What's most impressive is the taste, though - smooth with a hint of what tastes like a combination of clay mixed with mild vanilla - Totally weird but once you have a glass, you can't get enough.

A note on some of these gravity water systems - ours is a water-cooler-top model from Nikken: Some of these have been heralded lately as eco-snake-oil, offering few of the health benefits their packaging claims. However, none make the water any less safe than it started out and for taste alone, many are worth the price.

One of the more sensible and proven models is the British Berkefeld gravity water system from DoultonUSA. The sting of its $230 US price tag is softened a bit by the fact that it doesn't need any filters replaced for years at a time.

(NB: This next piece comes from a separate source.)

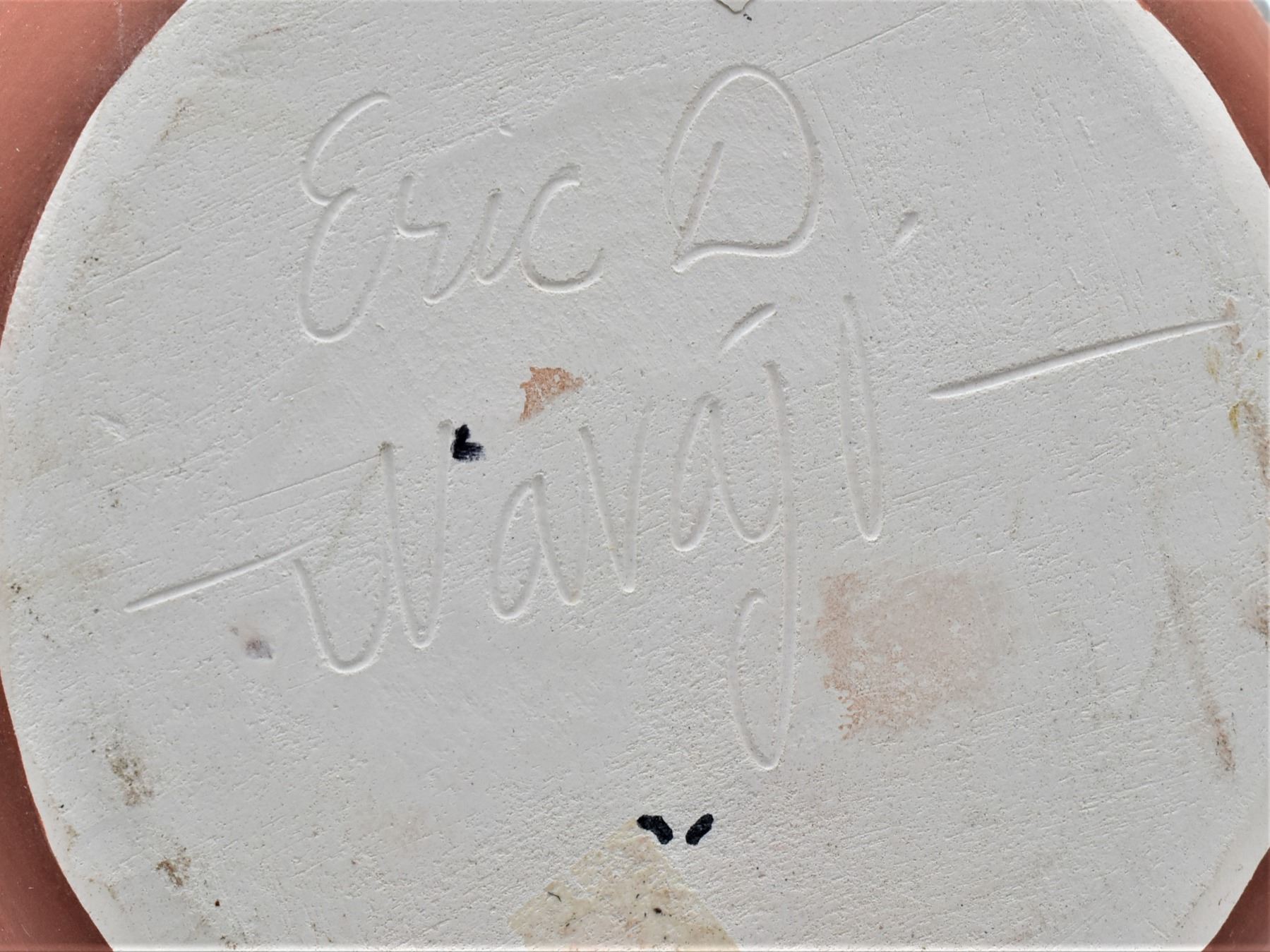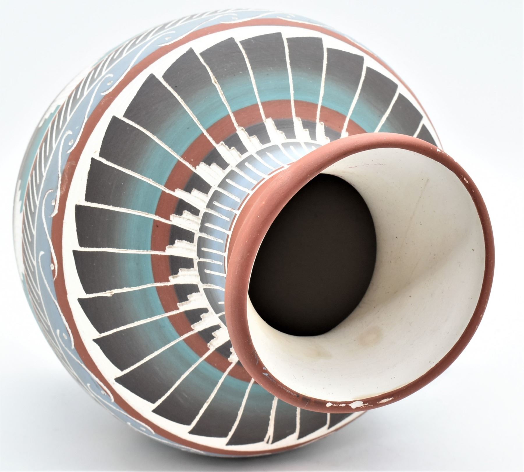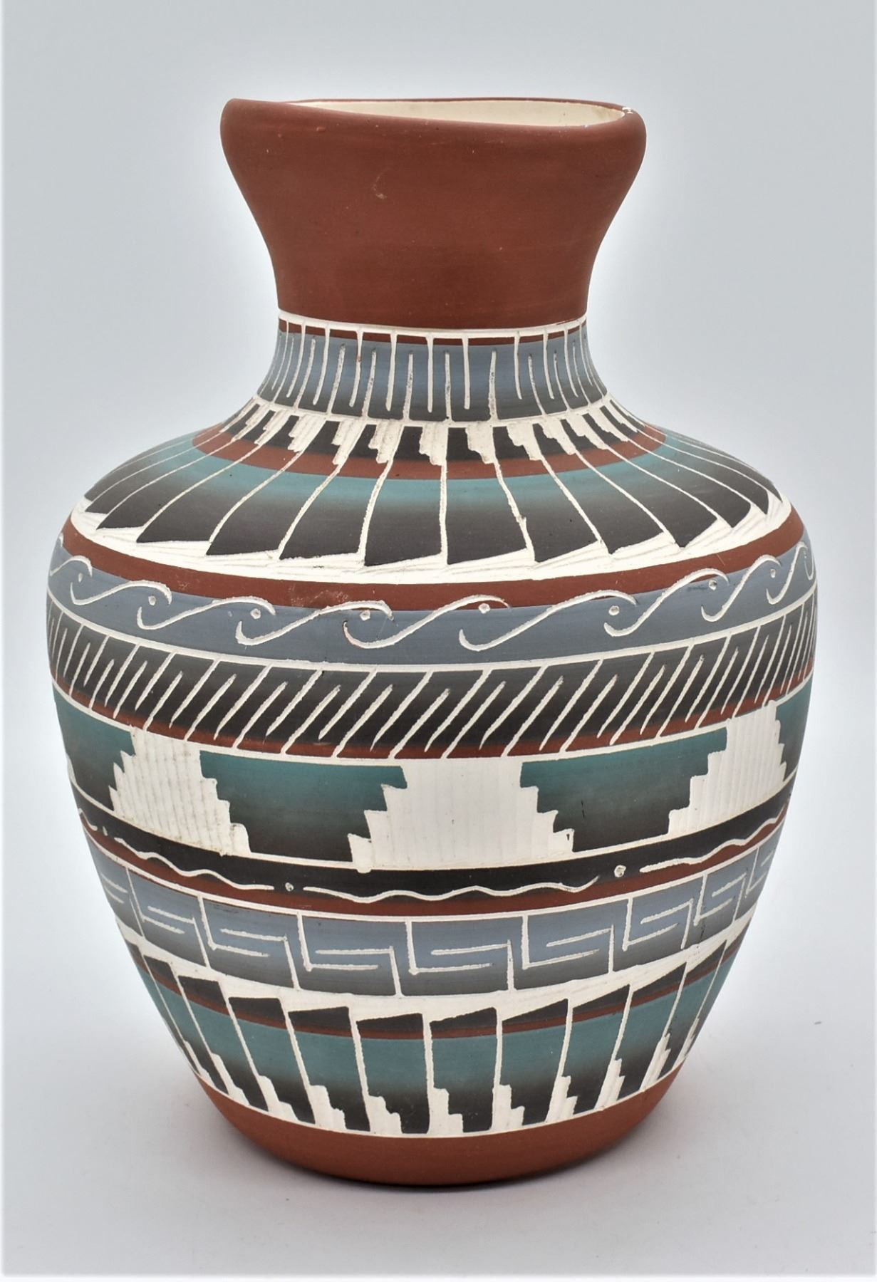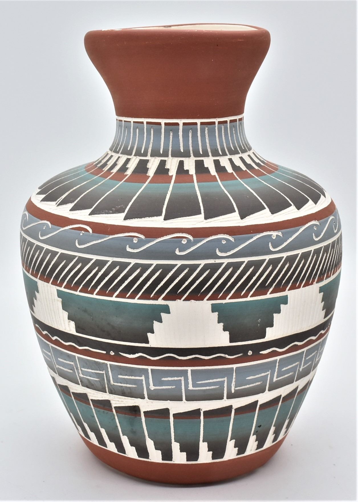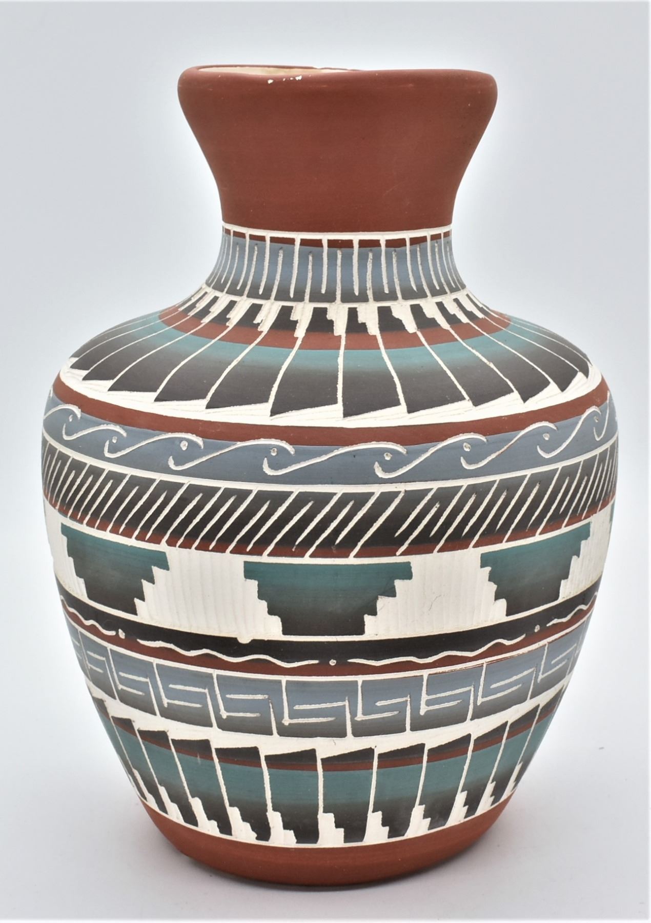 Native American Navajo Etched Pottery Vase, signed Eric D. on the bottom, beautiful colors, measures 7'' x 10''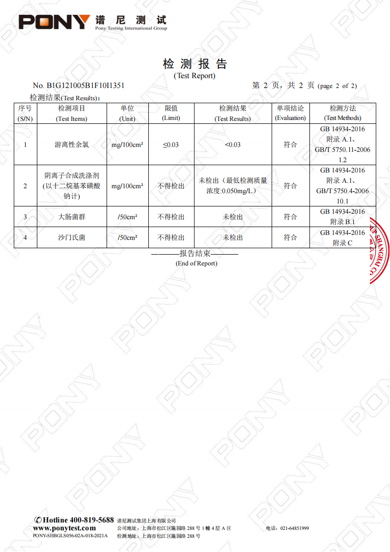 上海市龙苑中学10月餐具检测报告

1. An iceberg in your glass

Early in the day, staff from The Norseman on Newfoundland's Northern Peninsula receive their regular chunk of ice from the north Atlantic, and allow some of it to melt into pitchers, with a few still-frozen chunks thrown in to keep things cold.

A meal at the restaurant is a tasty mix of local seafood and diner-theatre-style historical re-enactments courtesy of the kitchen staff.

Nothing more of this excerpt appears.